■ **Work order**: Extract each line of the records below that contains the word "xiàn".

(Input material)

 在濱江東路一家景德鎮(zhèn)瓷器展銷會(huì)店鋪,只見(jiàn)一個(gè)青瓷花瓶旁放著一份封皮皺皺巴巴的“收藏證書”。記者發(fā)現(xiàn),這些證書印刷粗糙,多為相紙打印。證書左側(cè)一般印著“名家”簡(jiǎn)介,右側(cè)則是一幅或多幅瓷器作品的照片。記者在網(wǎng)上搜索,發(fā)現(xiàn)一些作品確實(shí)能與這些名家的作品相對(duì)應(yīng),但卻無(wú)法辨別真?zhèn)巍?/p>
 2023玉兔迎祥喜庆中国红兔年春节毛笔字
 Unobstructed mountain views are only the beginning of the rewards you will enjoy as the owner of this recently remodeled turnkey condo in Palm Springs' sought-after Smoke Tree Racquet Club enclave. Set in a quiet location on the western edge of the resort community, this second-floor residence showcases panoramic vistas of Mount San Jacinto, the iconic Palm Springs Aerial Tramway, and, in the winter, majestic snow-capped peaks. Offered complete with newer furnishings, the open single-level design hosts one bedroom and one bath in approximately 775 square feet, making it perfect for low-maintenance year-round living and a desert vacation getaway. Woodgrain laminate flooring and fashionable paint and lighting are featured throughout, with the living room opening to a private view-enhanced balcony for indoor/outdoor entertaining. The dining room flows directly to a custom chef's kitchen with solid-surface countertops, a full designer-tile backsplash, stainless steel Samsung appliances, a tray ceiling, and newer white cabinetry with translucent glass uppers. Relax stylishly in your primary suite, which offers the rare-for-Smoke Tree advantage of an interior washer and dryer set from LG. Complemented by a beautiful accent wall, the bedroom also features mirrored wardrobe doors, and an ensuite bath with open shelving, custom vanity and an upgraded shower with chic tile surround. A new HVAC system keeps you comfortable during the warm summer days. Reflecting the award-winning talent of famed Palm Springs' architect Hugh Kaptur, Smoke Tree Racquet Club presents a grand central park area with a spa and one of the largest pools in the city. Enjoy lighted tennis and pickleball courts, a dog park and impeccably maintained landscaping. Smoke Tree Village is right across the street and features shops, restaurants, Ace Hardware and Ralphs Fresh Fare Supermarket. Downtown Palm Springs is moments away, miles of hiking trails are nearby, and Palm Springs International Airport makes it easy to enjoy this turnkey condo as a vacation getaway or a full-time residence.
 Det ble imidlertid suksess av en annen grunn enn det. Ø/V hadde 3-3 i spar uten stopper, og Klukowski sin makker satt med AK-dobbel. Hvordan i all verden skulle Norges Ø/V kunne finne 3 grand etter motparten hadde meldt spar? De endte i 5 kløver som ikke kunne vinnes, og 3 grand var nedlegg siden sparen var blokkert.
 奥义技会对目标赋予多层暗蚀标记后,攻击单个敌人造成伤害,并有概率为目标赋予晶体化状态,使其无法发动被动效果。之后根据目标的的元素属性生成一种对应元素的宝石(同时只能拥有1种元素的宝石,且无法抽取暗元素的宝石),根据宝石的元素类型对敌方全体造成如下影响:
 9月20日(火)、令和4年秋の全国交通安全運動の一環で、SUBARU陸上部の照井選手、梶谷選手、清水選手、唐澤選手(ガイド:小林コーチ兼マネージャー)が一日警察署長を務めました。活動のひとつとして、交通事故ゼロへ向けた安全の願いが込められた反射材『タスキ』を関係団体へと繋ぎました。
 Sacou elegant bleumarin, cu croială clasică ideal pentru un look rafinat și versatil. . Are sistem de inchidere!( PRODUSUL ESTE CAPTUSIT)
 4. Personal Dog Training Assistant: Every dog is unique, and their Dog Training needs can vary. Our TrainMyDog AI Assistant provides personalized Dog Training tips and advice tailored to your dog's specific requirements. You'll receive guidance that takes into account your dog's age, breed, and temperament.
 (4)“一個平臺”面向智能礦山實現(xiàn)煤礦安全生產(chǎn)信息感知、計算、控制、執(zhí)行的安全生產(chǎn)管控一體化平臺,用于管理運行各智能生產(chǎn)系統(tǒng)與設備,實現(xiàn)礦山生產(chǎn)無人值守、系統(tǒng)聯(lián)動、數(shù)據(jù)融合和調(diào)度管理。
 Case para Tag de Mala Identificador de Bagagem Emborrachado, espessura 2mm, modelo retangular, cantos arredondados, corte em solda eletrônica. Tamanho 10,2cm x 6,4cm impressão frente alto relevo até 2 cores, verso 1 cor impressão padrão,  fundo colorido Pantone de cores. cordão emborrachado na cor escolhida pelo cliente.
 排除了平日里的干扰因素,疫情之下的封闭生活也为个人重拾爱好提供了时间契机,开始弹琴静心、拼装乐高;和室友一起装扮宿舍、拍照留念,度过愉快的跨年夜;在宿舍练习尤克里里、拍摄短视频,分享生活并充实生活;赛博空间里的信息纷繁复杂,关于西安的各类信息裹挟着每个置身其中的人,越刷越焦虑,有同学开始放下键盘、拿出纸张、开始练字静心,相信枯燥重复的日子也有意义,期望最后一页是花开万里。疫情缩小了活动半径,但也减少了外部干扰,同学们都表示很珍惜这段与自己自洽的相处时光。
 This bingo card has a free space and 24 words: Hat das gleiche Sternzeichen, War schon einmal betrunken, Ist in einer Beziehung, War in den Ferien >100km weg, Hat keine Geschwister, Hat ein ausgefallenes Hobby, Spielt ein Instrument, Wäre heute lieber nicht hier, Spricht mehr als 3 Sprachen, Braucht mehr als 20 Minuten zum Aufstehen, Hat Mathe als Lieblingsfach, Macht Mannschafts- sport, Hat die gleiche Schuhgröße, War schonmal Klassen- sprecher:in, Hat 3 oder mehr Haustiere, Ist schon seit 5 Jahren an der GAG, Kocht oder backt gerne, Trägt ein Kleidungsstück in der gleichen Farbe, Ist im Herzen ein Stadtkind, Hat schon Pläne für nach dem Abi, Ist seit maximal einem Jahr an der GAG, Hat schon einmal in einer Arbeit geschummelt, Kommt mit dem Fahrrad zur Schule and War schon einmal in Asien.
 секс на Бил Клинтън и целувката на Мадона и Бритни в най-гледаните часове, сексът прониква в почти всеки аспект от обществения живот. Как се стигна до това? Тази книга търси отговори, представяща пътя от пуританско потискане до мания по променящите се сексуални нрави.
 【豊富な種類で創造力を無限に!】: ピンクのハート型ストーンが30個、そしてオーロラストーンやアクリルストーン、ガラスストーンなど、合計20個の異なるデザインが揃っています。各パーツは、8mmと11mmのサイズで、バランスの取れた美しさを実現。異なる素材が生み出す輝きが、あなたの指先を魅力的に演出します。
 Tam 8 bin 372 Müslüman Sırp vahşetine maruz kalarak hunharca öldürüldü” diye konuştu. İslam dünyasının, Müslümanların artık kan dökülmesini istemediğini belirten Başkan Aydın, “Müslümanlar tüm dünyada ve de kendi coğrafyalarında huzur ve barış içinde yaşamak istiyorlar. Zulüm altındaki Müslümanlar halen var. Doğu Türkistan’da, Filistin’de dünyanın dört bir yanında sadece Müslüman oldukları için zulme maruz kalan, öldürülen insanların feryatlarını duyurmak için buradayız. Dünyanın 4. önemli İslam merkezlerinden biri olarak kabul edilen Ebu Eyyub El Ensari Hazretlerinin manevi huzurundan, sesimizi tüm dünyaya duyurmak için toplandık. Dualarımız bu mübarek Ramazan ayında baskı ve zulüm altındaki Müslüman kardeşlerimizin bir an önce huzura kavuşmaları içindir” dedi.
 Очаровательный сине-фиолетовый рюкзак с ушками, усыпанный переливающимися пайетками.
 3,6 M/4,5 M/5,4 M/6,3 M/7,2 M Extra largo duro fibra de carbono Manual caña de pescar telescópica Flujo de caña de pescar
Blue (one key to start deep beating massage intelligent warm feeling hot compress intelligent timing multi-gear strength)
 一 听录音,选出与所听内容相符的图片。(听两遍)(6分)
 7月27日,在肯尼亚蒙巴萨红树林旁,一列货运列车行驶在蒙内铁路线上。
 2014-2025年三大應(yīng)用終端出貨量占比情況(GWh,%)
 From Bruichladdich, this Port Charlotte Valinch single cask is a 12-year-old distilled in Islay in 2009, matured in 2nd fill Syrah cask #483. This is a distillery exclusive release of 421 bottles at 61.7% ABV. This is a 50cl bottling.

(End Input material)

■ **Answer box**:
 在濱江東路一家景德鎮(zhèn)瓷器展銷會(huì)店鋪,只見(jiàn)一個(gè)青瓷花瓶旁放著一份封皮皺皺巴巴的“收藏證書”。記者發(fā)現(xiàn),這些證書印刷粗糙,多為相紙打印。證書左側(cè)一般印著“名家”簡(jiǎn)介,右側(cè)則是一幅或多幅瓷器作品的照片。記者在網(wǎng)上搜索,發(fā)現(xiàn)一些作品確實(shí)能與這些名家的作品相對(duì)應(yīng),但卻無(wú)法辨別真?zhèn)巍?/p>
 (4)“一個平臺”面向智能礦山實現(xiàn)煤礦安全生產(chǎn)信息感知、計算、控制、執(zhí)行的安全生產(chǎn)管控一體化平臺,用于管理運行各智能生產(chǎn)系統(tǒng)與設備,實現(xiàn)礦山生產(chǎn)無人值守、系統(tǒng)聯(lián)動、數(shù)據(jù)融合和調(diào)度管理。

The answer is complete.